• [What is being asked] Reproduce exactly the lines from the one that holds "鉄道:24km、道路: 5km |" through the last line of the entries, both ends included, but not the pictures.
[Records to process — start]
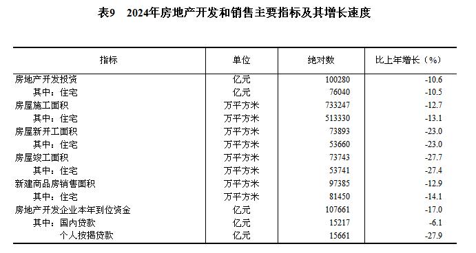 國家統(tǒng)計局數據顯示,2024年房地產開發(fā)投資100280億元,比上年下降10.6%。其中住宅投資76040億元,下降10.5%;辦公樓投資4160億元,下降9.0%;商業(yè)營業(yè)用房投資6944億元,下降13.9%。全年新建商品房銷售面積97385萬平方米。二手房交易網簽面積71812萬平方米。年末新建商品房待售面積75327萬平方米,其中商品住宅待售面積39088萬平方米。
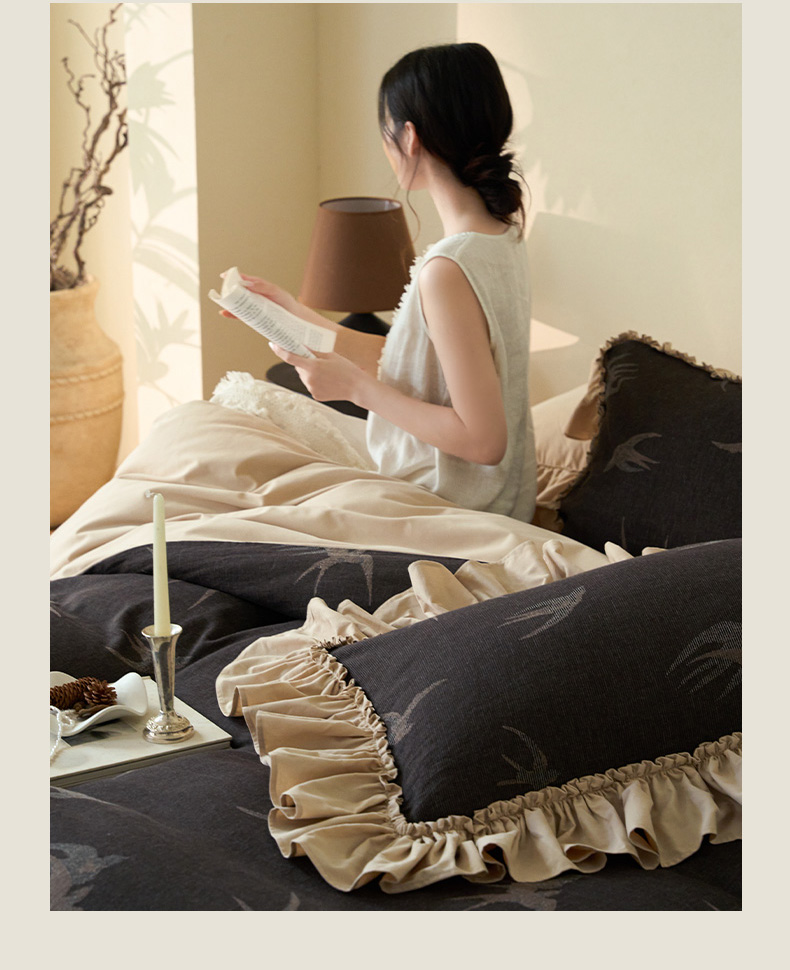 圆岛家纺 2025秋冬复古格调全棉纯棉色织提花磨毛四件套 晨露
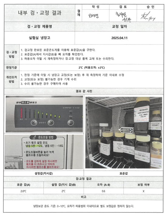 9. 일반 계측 장비는 주기적으로 검교정되며, 관련 기록이 구비되어 있는가
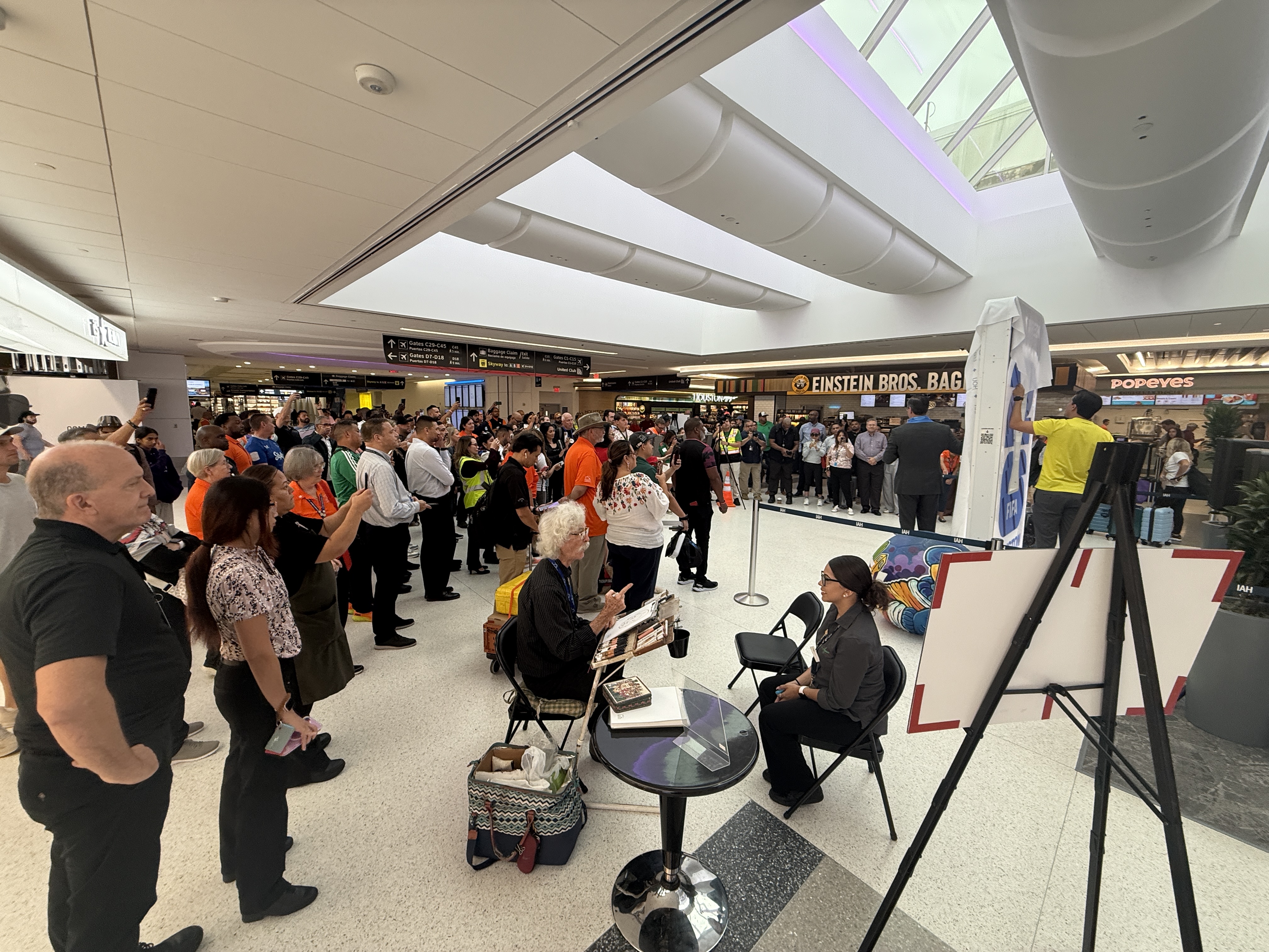 At IAH, the send-off was personal. Volunteers, airline staff and airport employees lined the gate area. TSA officers stopped for photos. Ramp crews waved from outside. Therapy dogs met families at every turn, offering comfort in a moment charged with emotion.
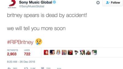 Hacked η Sony Music, μετέδωσε ψευδώς τον θάνατο της Britney Spears
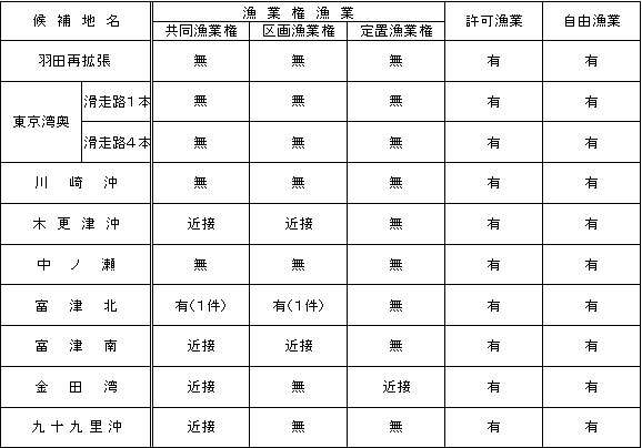 | 木更津沖 | 4 km | な し | 鉄道:24km、道路: 5km |
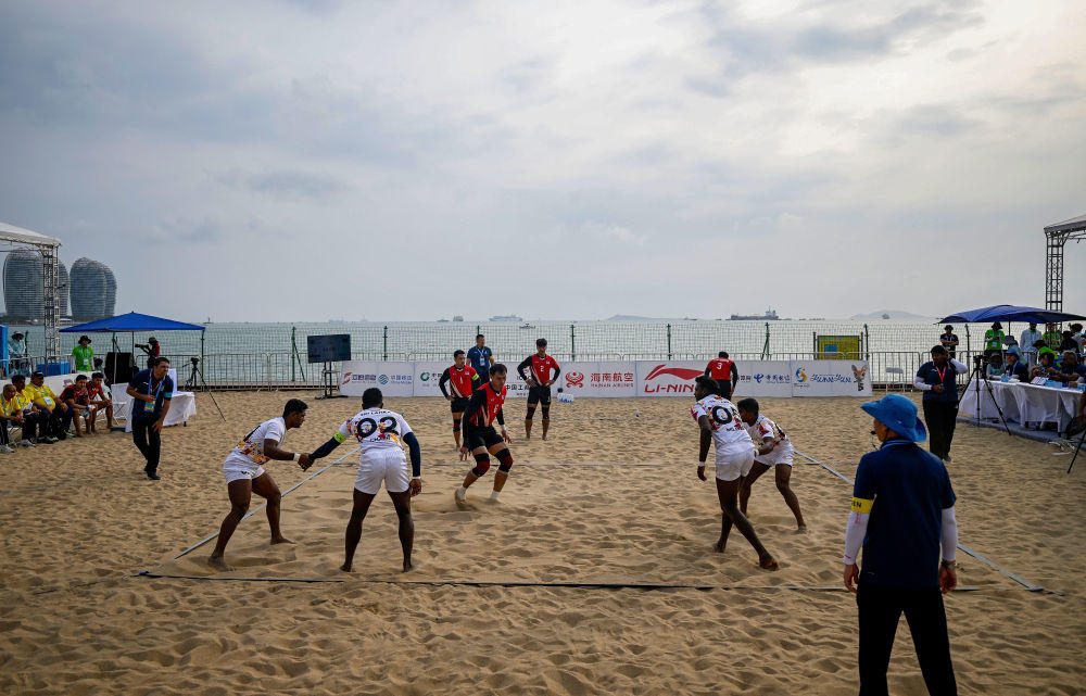 4月23日,斯里兰卡队和泰国队在沙滩卡巴迪男子小组赛中。新华社记者赵子硕摄
[Records to process — finish]
• [Solution for this task]
 | 木更津沖 | 4 km | な し | 鉄道:24km、道路: 5km |
 4月23日,斯里兰卡队和泰国队在沙滩卡巴迪男子小组赛中。新华社记者赵子硕摄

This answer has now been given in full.